Data supplied:

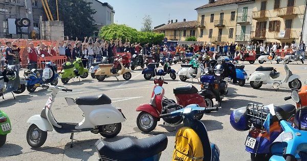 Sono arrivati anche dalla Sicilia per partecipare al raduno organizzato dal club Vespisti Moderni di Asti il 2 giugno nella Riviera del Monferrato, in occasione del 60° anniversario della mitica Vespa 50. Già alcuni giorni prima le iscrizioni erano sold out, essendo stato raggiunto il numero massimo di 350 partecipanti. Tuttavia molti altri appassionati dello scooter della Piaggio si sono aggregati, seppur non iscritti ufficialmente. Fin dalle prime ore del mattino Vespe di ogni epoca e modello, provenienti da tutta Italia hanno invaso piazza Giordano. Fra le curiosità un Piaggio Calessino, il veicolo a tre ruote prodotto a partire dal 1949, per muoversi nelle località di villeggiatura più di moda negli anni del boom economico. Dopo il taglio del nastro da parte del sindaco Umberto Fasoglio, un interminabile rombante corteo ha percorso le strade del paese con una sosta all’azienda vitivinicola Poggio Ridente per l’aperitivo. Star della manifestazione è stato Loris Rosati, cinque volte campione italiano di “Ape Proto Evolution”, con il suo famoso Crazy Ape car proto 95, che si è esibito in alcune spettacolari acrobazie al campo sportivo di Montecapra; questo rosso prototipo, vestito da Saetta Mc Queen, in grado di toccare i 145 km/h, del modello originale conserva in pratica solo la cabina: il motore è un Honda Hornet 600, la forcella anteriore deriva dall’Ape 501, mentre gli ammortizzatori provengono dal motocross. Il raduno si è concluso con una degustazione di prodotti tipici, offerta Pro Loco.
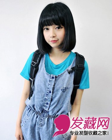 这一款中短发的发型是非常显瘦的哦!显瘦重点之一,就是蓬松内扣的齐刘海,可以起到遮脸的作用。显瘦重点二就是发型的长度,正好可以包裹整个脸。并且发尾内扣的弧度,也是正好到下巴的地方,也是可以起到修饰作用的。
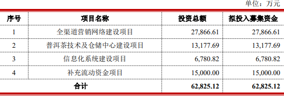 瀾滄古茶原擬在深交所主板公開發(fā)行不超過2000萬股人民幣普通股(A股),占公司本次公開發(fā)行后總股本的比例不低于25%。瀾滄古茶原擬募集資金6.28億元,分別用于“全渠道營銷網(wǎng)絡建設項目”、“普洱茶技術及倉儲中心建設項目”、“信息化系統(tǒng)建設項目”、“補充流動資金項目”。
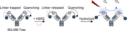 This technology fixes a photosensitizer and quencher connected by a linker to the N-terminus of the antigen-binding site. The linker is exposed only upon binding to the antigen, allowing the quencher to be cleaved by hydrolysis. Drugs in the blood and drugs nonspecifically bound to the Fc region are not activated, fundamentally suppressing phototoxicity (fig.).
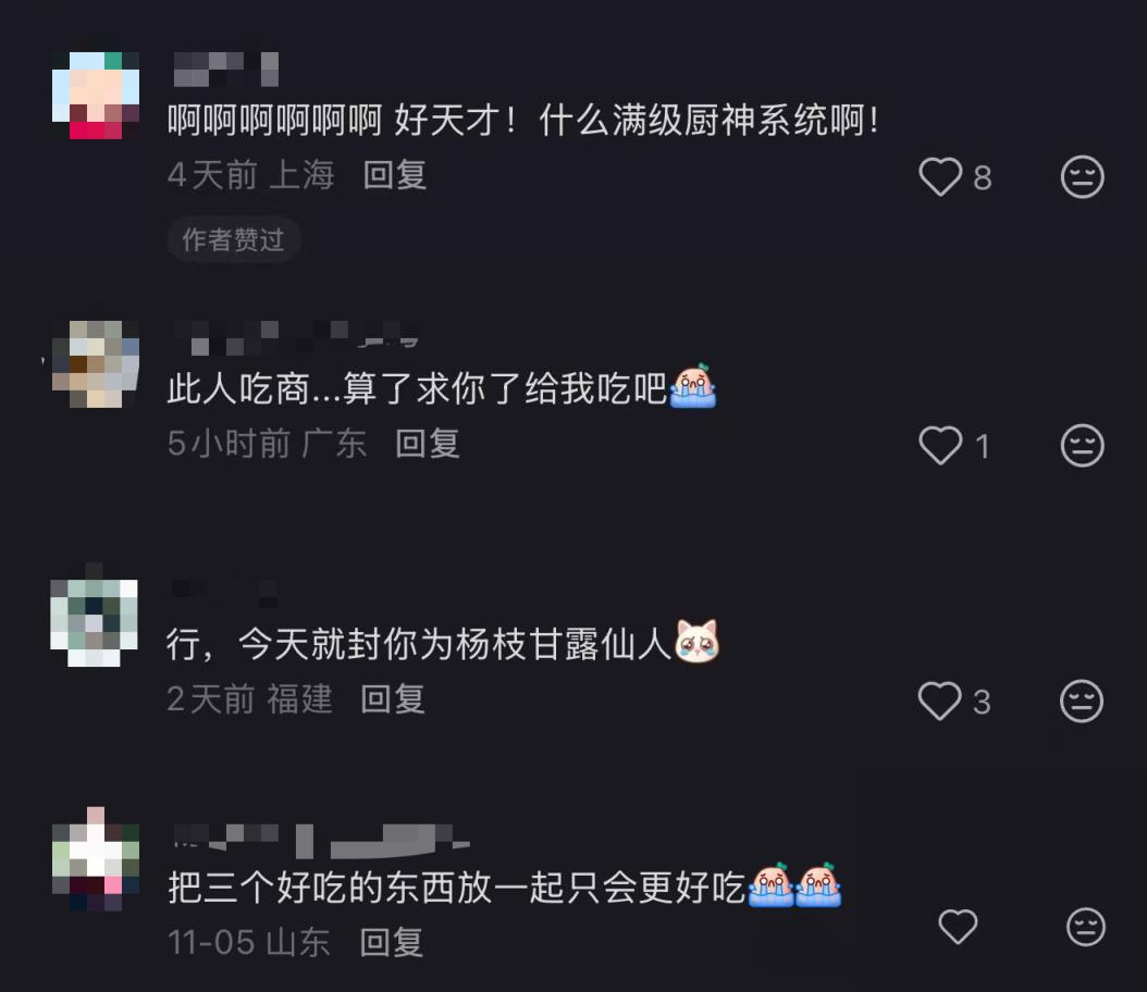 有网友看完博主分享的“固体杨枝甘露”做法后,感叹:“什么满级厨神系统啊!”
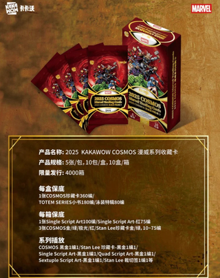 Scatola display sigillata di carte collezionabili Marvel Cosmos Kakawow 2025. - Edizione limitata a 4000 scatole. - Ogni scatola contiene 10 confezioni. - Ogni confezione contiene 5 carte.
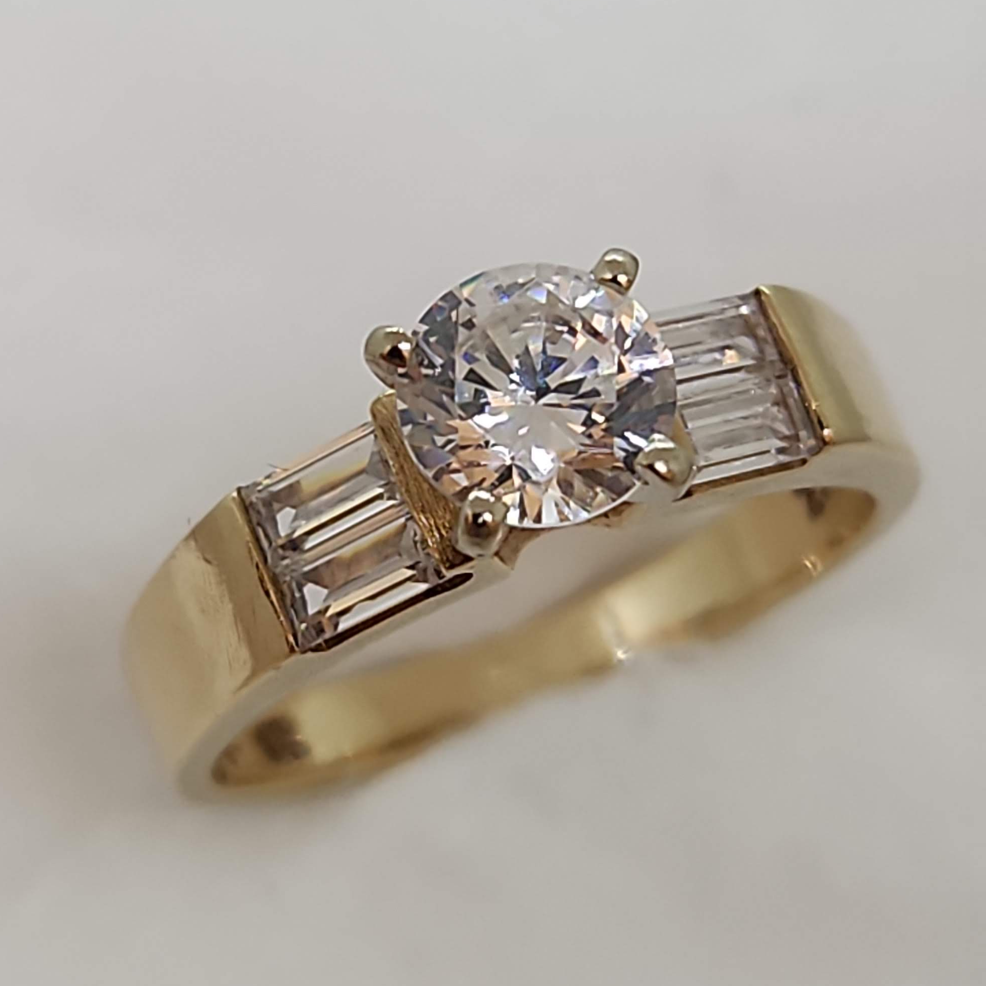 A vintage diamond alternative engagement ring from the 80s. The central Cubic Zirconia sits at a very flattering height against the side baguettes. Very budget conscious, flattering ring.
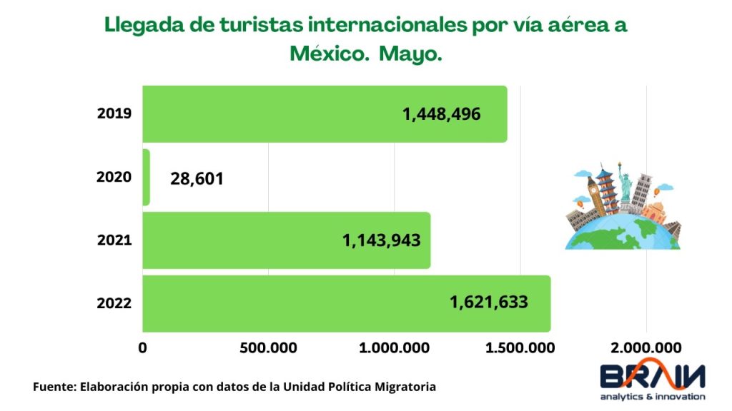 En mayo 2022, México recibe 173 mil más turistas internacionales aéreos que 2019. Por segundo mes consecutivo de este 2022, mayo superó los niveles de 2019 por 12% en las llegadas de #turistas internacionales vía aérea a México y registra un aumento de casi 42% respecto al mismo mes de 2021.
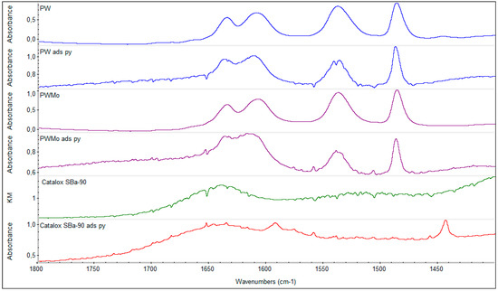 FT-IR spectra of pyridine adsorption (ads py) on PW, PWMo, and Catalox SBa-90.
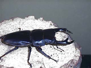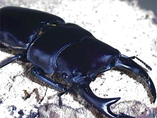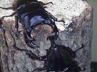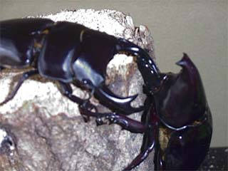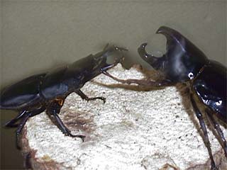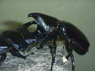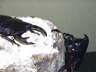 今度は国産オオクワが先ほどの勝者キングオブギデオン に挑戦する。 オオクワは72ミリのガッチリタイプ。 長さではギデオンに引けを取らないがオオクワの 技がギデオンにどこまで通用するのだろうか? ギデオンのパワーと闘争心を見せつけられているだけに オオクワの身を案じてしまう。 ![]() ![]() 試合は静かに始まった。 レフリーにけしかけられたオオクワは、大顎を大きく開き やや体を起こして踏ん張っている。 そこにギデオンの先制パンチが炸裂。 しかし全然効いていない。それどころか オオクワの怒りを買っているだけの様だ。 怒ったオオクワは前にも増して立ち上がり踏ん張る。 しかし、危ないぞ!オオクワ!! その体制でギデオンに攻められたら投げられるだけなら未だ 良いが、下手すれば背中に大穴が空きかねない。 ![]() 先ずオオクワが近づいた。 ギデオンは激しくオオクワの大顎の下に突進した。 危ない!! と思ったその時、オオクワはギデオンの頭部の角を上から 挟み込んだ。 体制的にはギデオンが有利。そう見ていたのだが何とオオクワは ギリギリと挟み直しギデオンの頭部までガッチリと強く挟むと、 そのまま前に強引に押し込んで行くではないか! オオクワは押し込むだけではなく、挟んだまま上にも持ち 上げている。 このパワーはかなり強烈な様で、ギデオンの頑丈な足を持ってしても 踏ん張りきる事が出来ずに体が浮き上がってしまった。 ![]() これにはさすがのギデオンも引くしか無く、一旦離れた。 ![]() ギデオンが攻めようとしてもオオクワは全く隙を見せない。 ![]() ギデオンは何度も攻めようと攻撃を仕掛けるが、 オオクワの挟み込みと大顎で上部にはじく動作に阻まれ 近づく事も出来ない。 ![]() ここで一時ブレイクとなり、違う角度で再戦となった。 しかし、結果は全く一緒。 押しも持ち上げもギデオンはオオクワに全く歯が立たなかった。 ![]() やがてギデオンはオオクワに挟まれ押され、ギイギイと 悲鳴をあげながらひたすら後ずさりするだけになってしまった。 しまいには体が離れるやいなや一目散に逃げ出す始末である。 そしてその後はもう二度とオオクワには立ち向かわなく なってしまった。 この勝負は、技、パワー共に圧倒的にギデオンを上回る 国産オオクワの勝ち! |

* * *

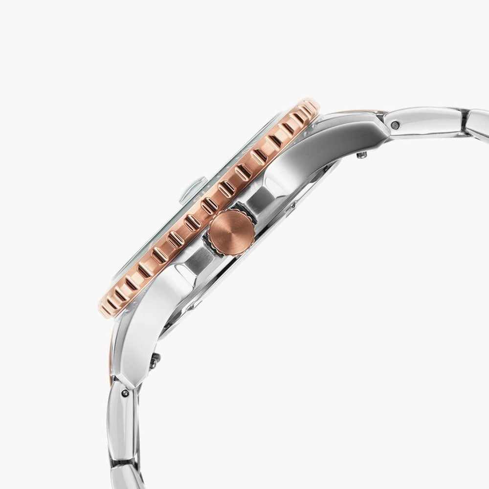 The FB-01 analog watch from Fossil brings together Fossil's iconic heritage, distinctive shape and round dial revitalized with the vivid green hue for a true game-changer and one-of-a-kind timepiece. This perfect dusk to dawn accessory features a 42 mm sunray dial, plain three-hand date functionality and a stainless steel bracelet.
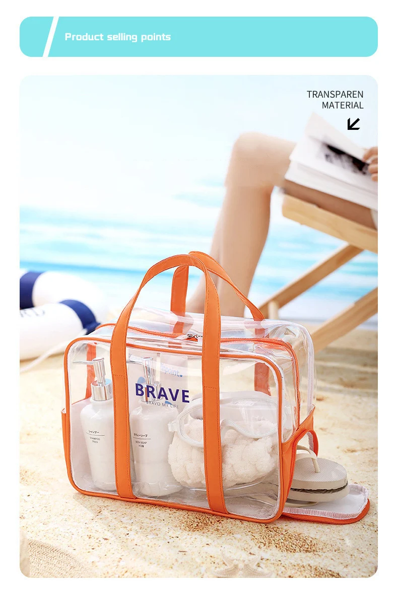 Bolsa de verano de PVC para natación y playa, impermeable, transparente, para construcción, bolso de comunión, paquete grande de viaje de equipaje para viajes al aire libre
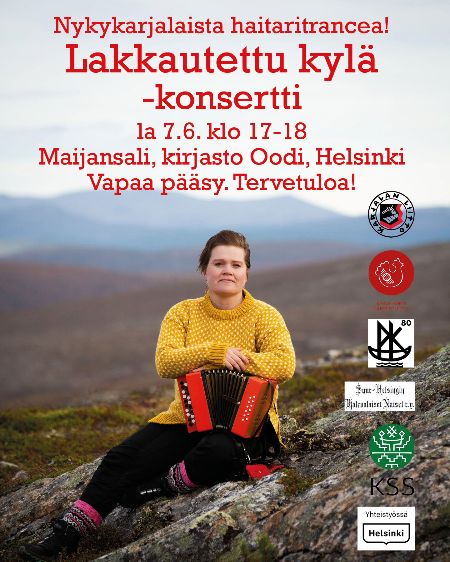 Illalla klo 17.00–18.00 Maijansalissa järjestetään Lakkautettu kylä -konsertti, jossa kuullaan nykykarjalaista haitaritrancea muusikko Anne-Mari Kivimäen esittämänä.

Your instructions:
Reproduce word for word, with pictures dropped, only the part of the material above that opens with the line containing "这一款中短发的发型是非常显瘦" and closes with the line containing "FT-IR spectra of".

Response to the exercise:
 这一款中短发的发型是非常显瘦的哦!显瘦重点之一,就是蓬松内扣的齐刘海,可以起到遮脸的作用。显瘦重点二就是发型的长度,正好可以包裹整个脸。并且发尾内扣的弧度,也是正好到下巴的地方,也是可以起到修饰作用的。
 瀾滄古茶原擬在深交所主板公開發(fā)行不超過2000萬股人民幣普通股(A股),占公司本次公開發(fā)行后總股本的比例不低于25%。瀾滄古茶原擬募集資金6.28億元,分別用于“全渠道營銷網(wǎng)絡建設項目”、“普洱茶技術及倉儲中心建設項目”、“信息化系統(tǒng)建設項目”、“補充流動資金項目”。
 This technology fixes a photosensitizer and quencher connected by a linker to the N-terminus of the antigen-binding site. The linker is exposed only upon binding to the antigen, allowing the quencher to be cleaved by hydrolysis. Drugs in the blood and drugs nonspecifically bound to the Fc region are not activated, fundamentally suppressing phototoxicity (fig.).
 有网友看完博主分享的“固体杨枝甘露”做法后,感叹:“什么满级厨神系统啊!”
 Scatola display sigillata di carte collezionabili Marvel Cosmos Kakawow 2025. - Edizione limitata a 4000 scatole. - Ogni scatola contiene 10 confezioni. - Ogni confezione contiene 5 carte.
 A vintage diamond alternative engagement ring from the 80s. The central Cubic Zirconia sits at a very flattering height against the side baguettes. Very budget conscious, flattering ring.
 En mayo 2022, México recibe 173 mil más turistas internacionales aéreos que 2019. Por segundo mes consecutivo de este 2022, mayo superó los niveles de 2019 por 12% en las llegadas de #turistas internacionales vía aérea a México y registra un aumento de casi 42% respecto al mismo mes de 2021.
 FT-IR spectra of pyridine adsorption (ads py) on PW, PWMo, and Catalox SBa-90.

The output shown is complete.